毓秀柔弱下来的神色转如刀剑,投向说话的青鸾。
“相思殿什么时候来了一个这么不懂规矩的宫女。天族的法度向来严明,本宫的过错自会承担,但莫须有的罪名本宫誓死也不会受此屈辱!你一个小小的相思殿宫女竟然敢如此大胆,本宫就算受罚也要在此之前先罚了你,让你知道何为法度!”
“够了!你还嫌自己添的乱不够多么!”
天君打断毓秀。
“毓秀天妃失德,一时糊涂犯下大错险些伤了正缘君仙骨。但念其执掌天宫诸事多年从未犯下过失,罚她幽禁寝殿,直至,正缘神君下界历劫归来。
神君放心下界,绝不会有人再伤你分毫,相思殿的职务就暂且交给司命代职。”
“在天界,诸事如何处置自由天君定夺。然而,于我而言,血债自当血尝!”
正缘君此时虽声音虚弱,气态却丝毫不减。视线扫过天妃,满屋子人都感觉到待他回来不会善罢甘休。
青鸾扶着正缘君走出宫门,方听身后传来:“加责天妃每日受鞭责之行,至正缘神君归来。”
一路上,相思树树叶片片凋零,如同秋风扫落叶一般,让青鸾越发觉得凄凉。
“正缘神君…你该不会真的要死了吧?若是你要死了,这件事也有我的责任,若不是我让你去找天君请下界的旨意,你也不会遭受天妃毒手…”
“小草仙很怕我死?”
青鸾点了点头,泪水滑了出来,没了有方才那般坚韧。
蝙蝠小妖为她而死,让她负罪几百年。太辰为她而死,让她痛彻心扉,她无法接受这样的现实,只能让自己相信那不过是他凡界的一世肉身,他是上古魔神,区区天雷怎么会让他魂散!
她不想身边再有任何人死去。
“花开花落,自有因果。即便没有你,天妃也早已有了这样的心思。
世间草木皆有四季,这些相思树在这里扎根了数百万年,也该凋零了。
所以,小草仙不要自责。不管是神仙还是凡人,都有自己的宿命。”
虽然正缘君如此说,青鸾还是觉得心里有愧。次日,青鸾以正缘君的名义向天君请旨,允许正缘君带一人相送,天君很痛快的答应了。

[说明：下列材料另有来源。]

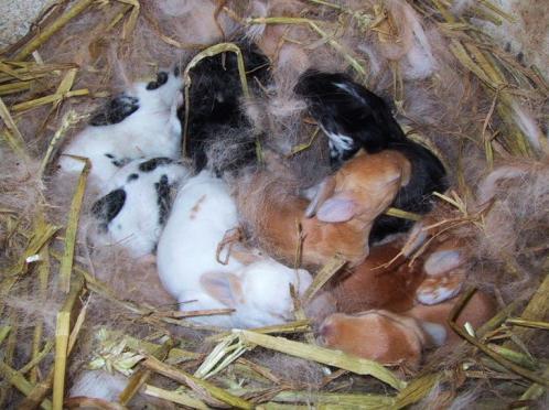 В первые несколько дней крольчата абсолютно беззащитны: на их телах нет шерсти, они ничего не видят и не слышат. Примерно на 5 день они покрываются лёгким пушком, а через неделю после появления на свет удваивается их вес. На 10 сутки у малышей открываются глазки, и юные кроликиначинают познавать мир. До этого момента они полностью дезориентированы. Если кто-то выпал из гнезда, то велик риск того, что он погибнет. Крольчиха не станет перетаскивать малышей обратно в маточник.
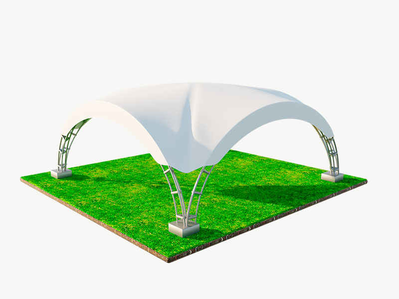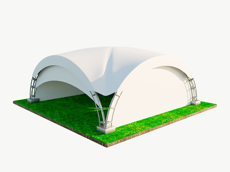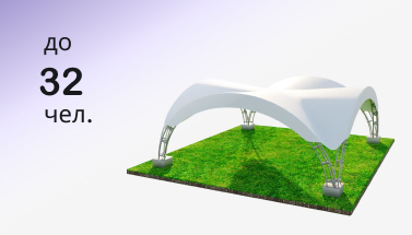 Шатер арочный «Дюна» с габаритными размерами 8x8 м занимает площадь в 64 м² и образует квадратный объем, в котором с максимальным уровнем комфорта можно разместить до 32 человек. Подобная малая архитектурная форма подходит для проведения ряда следующих мероприятий:
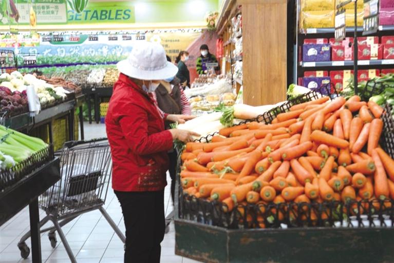 3月21日,華聯(lián)超市交大店內(nèi),各大貨柜上的商品種類齊全,大米、面粉、食用油、蔬菜水果、面點(diǎn)熟食、肉禽水產(chǎn)等百姓日常生活所需的物品儲備充足。前來購物的市民在各個(gè)區(qū)域從容購物、理性消費(fèi)。在果蔬區(qū)域,市民正在挑選蔬菜、水果,售貨員及時(shí)補(bǔ)充蔬菜,整齊擺放在貨架上。安寧區(qū)保障生活物資供應(yīng)平穩(wěn)有序,通過生活用品進(jìn)貨量、出貨量、庫存量以及貨品價(jià)格日監(jiān)測、疏通物流渠道,確保百姓的“米袋子”“菜籃子”“果盤子”以及各類生活用品數(shù)量充足、價(jià)格穩(wěn)定。該區(qū)商務(wù)、市場監(jiān)管等職能部門持續(xù)對區(qū)域內(nèi)各大商場、超市進(jìn)行追蹤服務(wù)和監(jiān)督,落實(shí)常態(tài)化疫情防控各項(xiàng)措施,配合商場進(jìn)一步做好防疫工作,為市民提供一個(gè)安全、穩(wěn)定的消費(fèi)環(huán)境。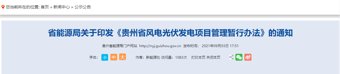 省能源局关于印发《贵州省风电光伏发电项目管理暂行办法》的通知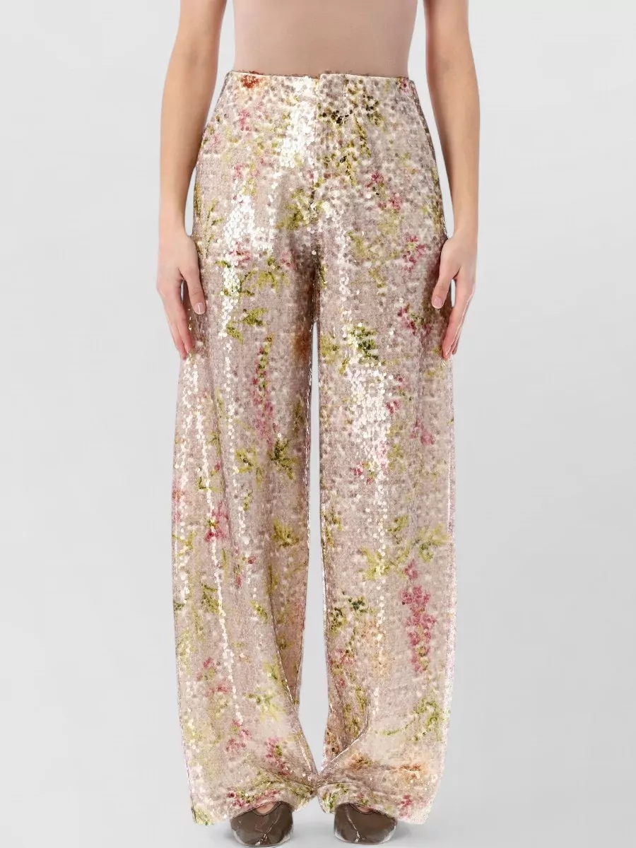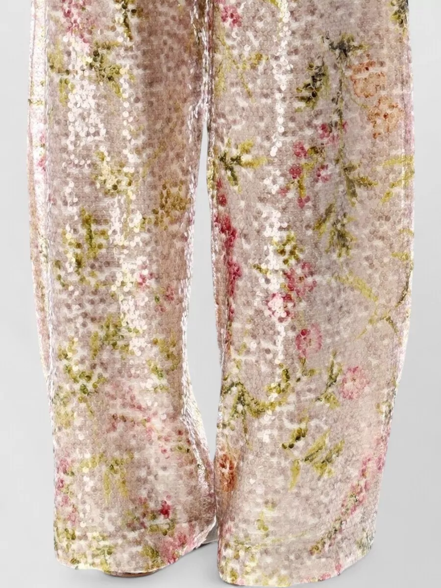 Alberta Ferretti floral sequin wide leg trousers side pockets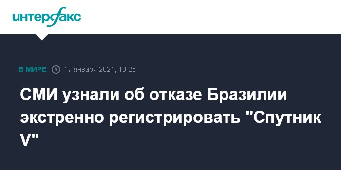 Москва. 17 января. INTERFAX.RU - Бразильское Национальное агентство по санитарному надзору Anvisa отклонило заявку компании Uniao Quimica на экстренное использование российской вакцины от коронавируса "Спутник V", сообщило в воскресенье издание The Guardian.

如此她也无需再化作假的正缘君,她二人便可大大方方的走入三界结界。
从天宫到冥界,一路上青鸾都细心的照顾着正缘君。
来到冥界,四处幽暗,到处都是暗河,阴森而布满了鬼气。
“小草仙,我要抱抱!”正缘君表现出一副很害怕的样子,对青鸾提出要求。
负责接引的鬼差露出了鄙夷的眼神,估摸着是知道迎接的是天界来的,才没有多言语,走在前头假装什么也没有听见。
这不勉让青鸾觉得有些尴尬。即便他身体不适,但胆量上怎么能连她一个女孩子还不如?
“你是天上的神仙,若是被别人看到是被一名女子抱着来冥界去渡劫的,恐怕不太好吧?”
“呃 …凡事都有两面性,天君若是知道我被人抱着入的冥府,或许打在那个歹毒女人身上的鞭刑才能更狠辣…一点儿…”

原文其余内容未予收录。